雇用契約書と労働契約の変更・解除について
雇用契約書は、労働契約の内容を明確にする重要な書類ですが、内容を変更したり、解除したりするケースもあるでしょう。ここでは、労働契約の変更と解除について説明します。
労働契約の変更
業務内容や勤務条件、勤務時間の変更など、労働契約を変更する場合があります。労働契約の変更は、同意の必要性によって2つに分けられます。
労働者の合意が必要となる場合は、給与の減額や労働時間の大幅な変更など、労働者の生活や権利に直接影響を与えるケースです。この場合、必ず労働者の同意が必要になります。
一方で、就業規則に基づいた合理的な範囲内での変更は、企業側が一方的に行っても問題ないケースもあります。例えば、経営上の必要性に応じた部署の異動などです。ただし、変更内容が労働者にとって不利になる場合は、その正当性を説明し、納得を得るよう努力してください。
労働契約の解除(解雇・退職)
労働契約の解除には、企業からの解雇と労働者からの申し出による退職があります。
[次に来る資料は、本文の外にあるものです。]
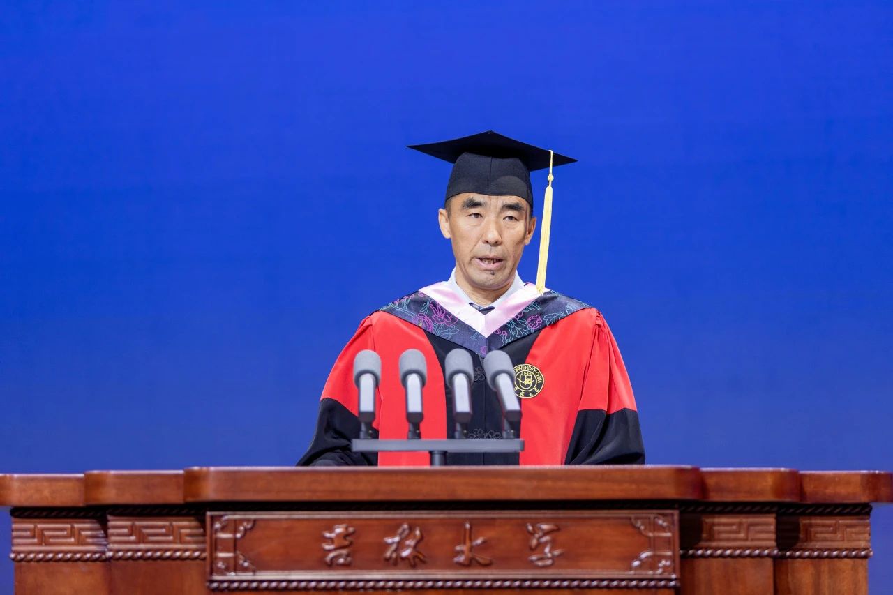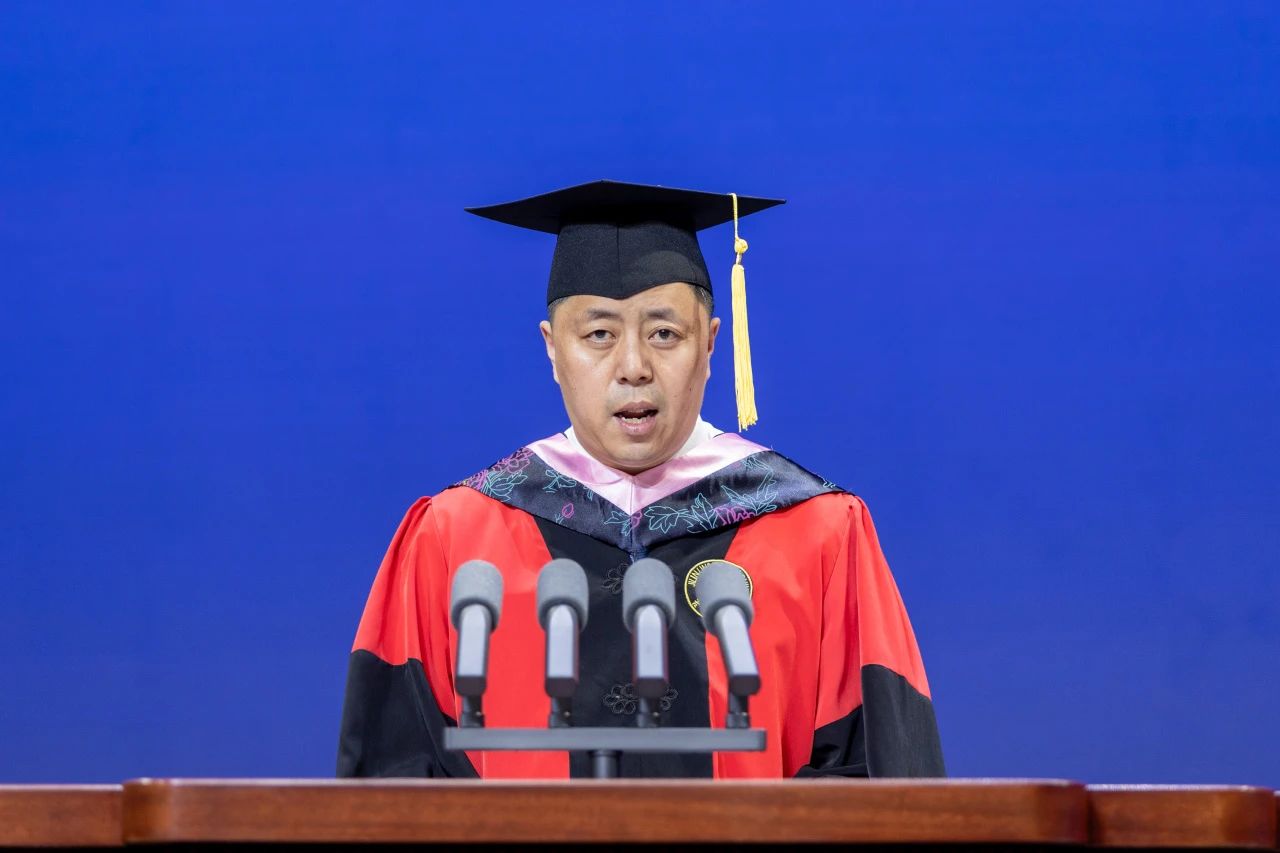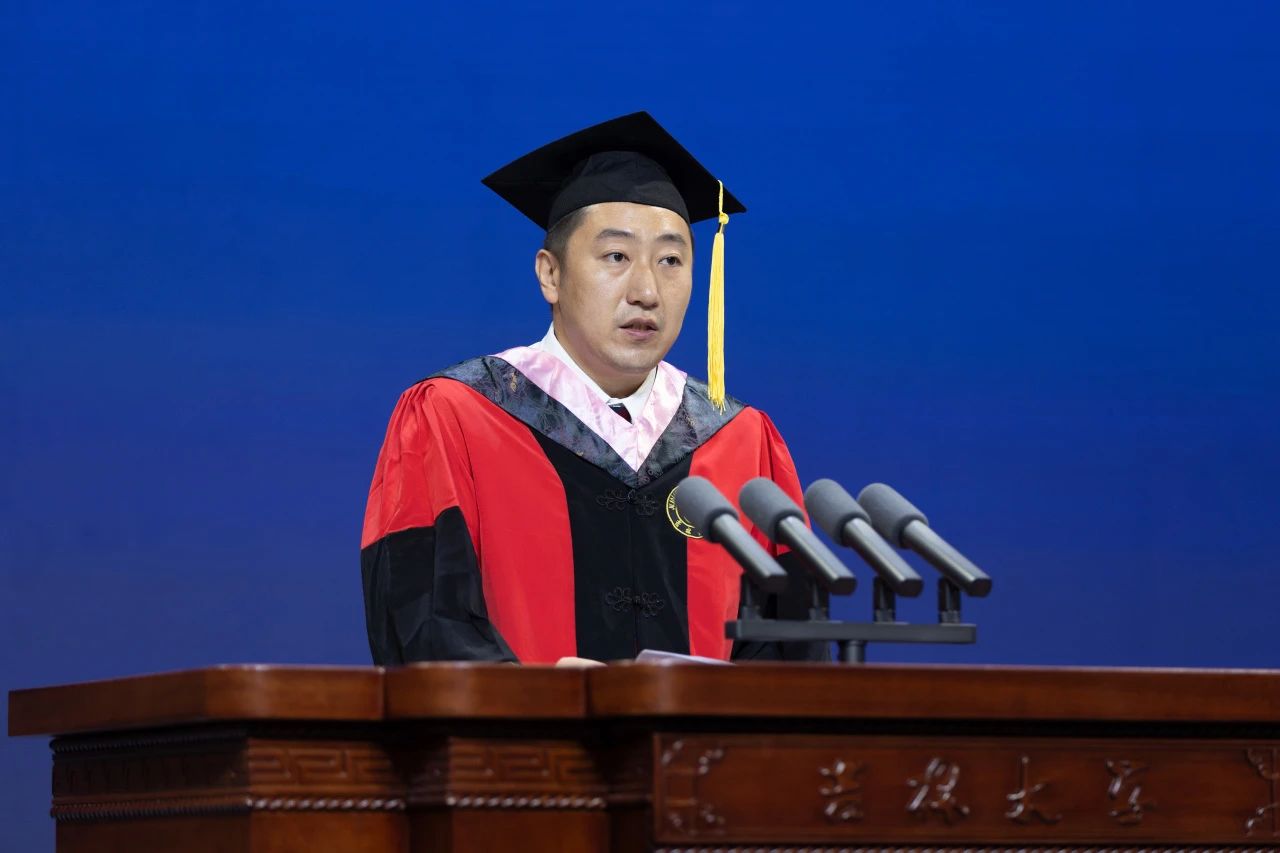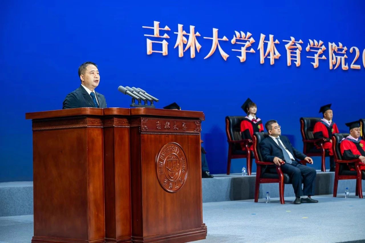 向全体毕业生表达了最热烈的祝贺,向全体教职工表达了真挚的感谢,向学生家长表达了崇高的敬意。接下来,他与毕业生分享体育的“自目的性”价值,“界限”价值,“自由”价值,“低效挑战”价值,“公平”价值,“不确定性”价值,“学习”价值,“卓越”价值,“共同体”价值,“美”的价值等“体育的十大内在价值”。他指出“体育的十大内在价值”是对体育的哲学思考,也是同学们未来人生道路上探索的方向,希望同学们能够从体育中汲取力量和智慧,在生活中实践这些宝贵的价值观,成就更加美好的人生。接下来,他用“奥运三问”的故事激励同学们,自觉肩负强国有我的历史使命,为全面建成社会主义现代化体育强国的宏伟目标努力奋斗。最后,他祝福毕业生“不以山海为远,初心如磐;不以风雨为惧,挺膺担当;不以日月为限,再谱华章。”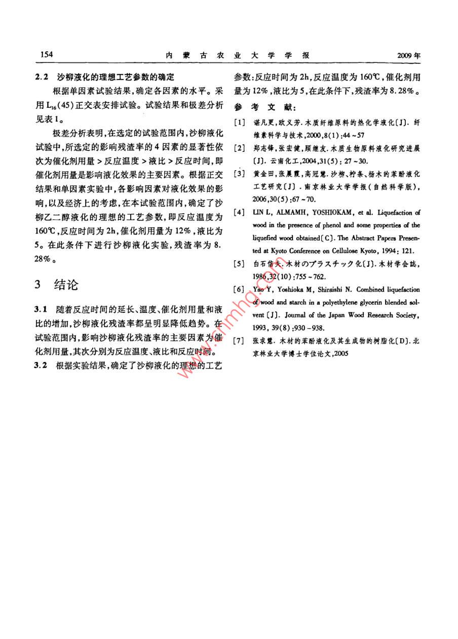 第30卷第3期內(nèi)蒙古農(nóng)業(yè)大學學報2009年9月Joumal of Inner Mongolia Agricultural Universitysep.2009沙柳材乙二醇液化工藝研究靳麗萍,李亞斌,楊愛榮,王欣,黃金田(內(nèi)蒙古農(nóng)業(yè)大學材料科學與藝術(shù)設(shè)計學院呼和活特010018)摘要:沙柳是我國沙漢地區(qū)廣為種植的沙生灌木之一,資源儲備豐富。運用木質(zhì)生物質(zhì)液化技術(shù)可以將沙柳木粉轉(zhuǎn)化成液態(tài)物質(zhì),液化產(chǎn)物含有大量的活潑羥基,可以代替石化資源參與聚氨酯材料的合成。以乙二醇為液化劑,稀硫酸作催化劑,對沙柳進行了液化試驗,分析了液化時間、反應(yīng)溫度、液比和催化劑用量及對液化效果的影響。結(jié)果表明:(1)在試驗范圍內(nèi),催化劑用量對液化過程的影嘲最大,液比、反應(yīng)時間和反應(yīng)溫度等對液化過程也有不同程度的影響。(2)沙柳材適宜的液化工藝條件為:溫度160℃,液比為5,催化劑質(zhì)量分數(shù)12%,時間2h。在此條件下,沙柳液化殘渣率為能達到8.28%。關(guān)鍵詞:沙柳;乙二醇;液化中圖分類號:S78143文獻標識碼:A文章編號:1009-3575(2009)03-0151-04LIQUEFACTION OF SALIX IN THE PRESENCE OF GLYCOLJIN Li-ping, LI Ya-bin, Yang Ai-rong, Wang Xin, HUANG Jin-tianCollege of Material Science and Arts Design, Inner Mongolia Agricultral University, Huhhot 010018, ChinaAbstract: Salix is one of desert shrub widely planted in Chinese desert, which is rich in resource. Wood meals of Salix can be con-versed into liquid mass by liquefaction technic. Because there were a great lot of hydroxy in liquefied products, which can be replacedpetrolic resource to synthesize polyurethane material with isocyanate.The liquefaction of Salir psammophila in the presence of glycol under sulfuric catalysis was studied. The effects of reaction timefluid ratio(glycol/wood ), catalyst dosage and reaction temperature on liquefaction were investigated. It shows that, (1)the reactiontime has a greatest influence on liquefaction process; moreover, liquefaction process is affected by liquefaction ratio, catalyst dosageand reaction temperature at a certain extent. (2)The optimum condition of liquefaction for Sali psammophila is estimated as: temper-ature of 160C, the reaction time of 2 h, fluid ratio(glycol/ wood ratio )of 5 and catalyst dosage of 12 % Under this craft condi-tion, the residue ratios are 8. 28%oKey words: Salix: Glycol; Liquefaction聚氨酯由于其獨特的性能和廣泛應(yīng)用性已成為條含有大量的纖維素和木質(zhì)素等多羥基成分,具備世界六大合成高分子材料之一,其基本反應(yīng)是異氰制備多元醇的條件。隨著生物質(zhì)液化技術(shù)的發(fā)展酸酯與多元醇的加成縮聚反應(yīng),大部分植物原料是成熟,液化已成為天然木質(zhì)原料利用的主要途徑之富含羥基的天然聚合物,可以作為聚氨酯的原料。將液化技術(shù)運用于沙柳材,液化產(chǎn)物理論上沙柳是我國沙荒地區(qū)造林面積最大的樹種之可代替聚醚或聚酯多元醇與異氰酸酯發(fā)生親核加成生長迅速,枝葉茂密,根系繁大,固沙保土力強。反應(yīng)制備聚氨酯材料,這樣不但可以提高沙柳材的由于其獨特的生物學特性3年~5年必須平茬才可附加值,而且也為沙柳資源的利用開辟了一條新途繼續(xù)生長。因此,可獲得大量的沙柳枝條。沙柳枝徑。然科學基金重點項目(2008010603和20011020504)生,主要研究方向為復合材料制備技術(shù)nail jintian he152內(nèi)蒙古農(nóng)業(yè)大學學報2009年成具有較大分子量的聚合物,結(jié)果使得殘渣得率有1材料與方法所增大。1.1材料與試劑沙柳:采自內(nèi)蒙古鄂爾多斯新街治沙站,去皮、粉碎,篩選出40目~80目沙柳木粉,在105℃烘箱中干燥12h保存在干燥器中備用;乙二醇,分析純;稀硫酸(由于濃硫酸會使木粉發(fā)生碳化,所以實驗采5050用37%的稀硫酸作催化劑,實驗室自制,丙酮,分析純。1.2方法1.2.1沙柳液化在裝有機械攪拌、溫度計、回流反應(yīng)溫度《℃冷凝裝置的三口燒瓶中,加入液化試劑乙二醇和催化劑稀硫酸,油浴加熱到指定溫度后,加入準確稱量圖1反應(yīng)溫度對液化殘渣率的影響的5g沙柳木粉計為反應(yīng)開始時間。反應(yīng)到指定時Fig. 1 Effect of reaction temperature間后,將三口燒瓶放于水浴中冷卻終止反應(yīng),計為反sidual rate of liquefaction應(yīng)結(jié)束時間。用丙酮稀釋液化產(chǎn)物,抽濾后,反復用丙酮清洗液化產(chǎn)物,直至顏色為無色,得到不溶物殘渣和濾液。殘渣在干燥箱里干燥至恒重,稱量。以沙柳液化后的殘渣含量表示液化效果,有以下公式計算殘渣率:殘渣率=(殘渣質(zhì)量/植物原料質(zhì)量)100%1.2.2沙柳液化工藝參數(shù)優(yōu)化采用單因素試驗法確定反應(yīng)溫度、反應(yīng)時間、催化劑用量和液比單獨反應(yīng)時間作用下的顯著作用范圍及它們各自對液化殘渣率的影響,用L16(4)正交表安排試驗。圖2反應(yīng)時間對液化殘渣率的影響2結(jié)果與討論2.1.2反應(yīng)時間的影響當催化劑為10%,液比為2.1各因素對沙柳液化殘渣率的影響6(乙二醇30g),反應(yīng)溫度為160℃時,不同的反應(yīng)時選取液化反應(yīng)溫度、反應(yīng)時間催化劑用量(與間對液化殘渣率的影響,由圖2所示。乙二醇質(zhì)量之比)和液比(乙二醇與沙柳木粉質(zhì)量之隨著反應(yīng)時間的延長,殘渣率的降低趨勢十分比)為主要影響因素,以其中1個因素為變量,其它明顯,尤其在1h到2h的范圍里殘渣率下降的速度因素為固定值進行試驗考察各因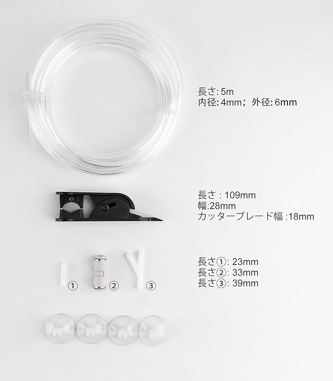 クレシー TCPU-5 アクアリウム用 CO2耐圧チューブ5ⅿ(チューブカッター付き) CO2ディフューザー用チューブ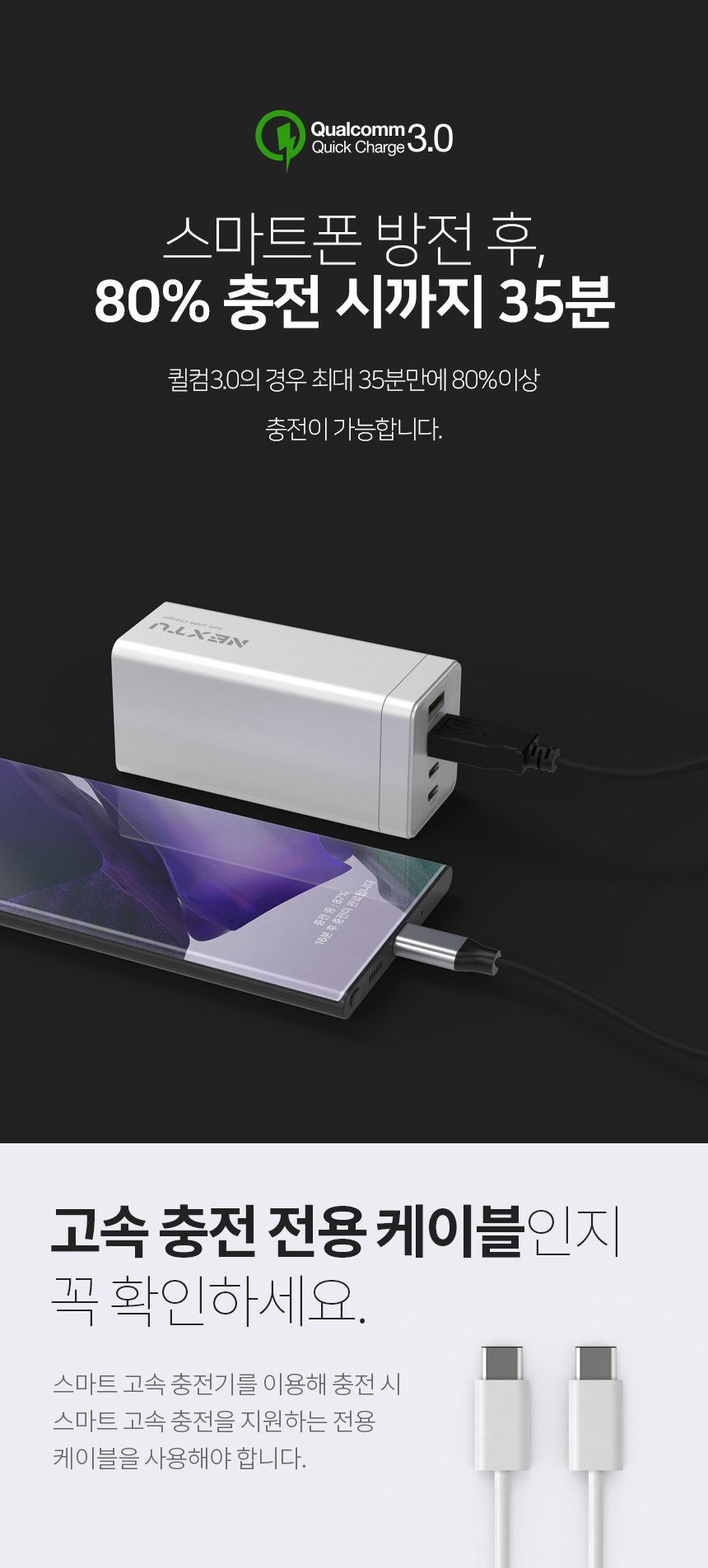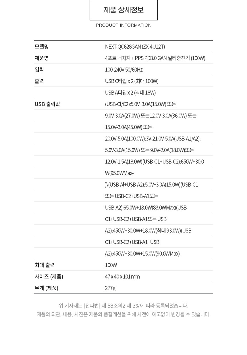 | 품명 및 모델명 | 휴대폰 충전기/NEXT-QC628GAN(ZX-4U12T) | KC 인증정보 | R-R-Zsi-ZX-4U12T, HU101101-22016A |

それぞれのケースで注意すべきポイントを押さえておくことが重要です。
解雇は、企業が労働契約を終了させる行為で、多くの法的な制約があります。正当な理由なく解雇すると、不当解雇とみなされ、労働者から法的な訴えを受けるかもしれません。
解雇理由には、業務上の不適格性や企業の経営悪化などが含まれますが、具体的かつ合理的な理由が必要です(労働者から争われた場合、使用者が超えなければいけないハードルは高く設定されています。)。また、解雇予告や退職金の支払いなど、法的な手続きの順守が求められます。
退職は労働者側からの労働契約の終了で、申し出によるものです。退職は基本的に労働者の自由ですが、会社側は引き継ぎのための期間を設けるなど、円滑な退職手続きが行われるよう配慮が必要です。
雇用契約書を作成する際の注意点
ここからは、雇用契約書を作成する際の注意点について解説します。
正社員・契約社員・アルバイト・パートごとの内容を明記する
雇用契約書には、それぞれの雇用形態に適用される制度に沿った内容を記載しなければなりません。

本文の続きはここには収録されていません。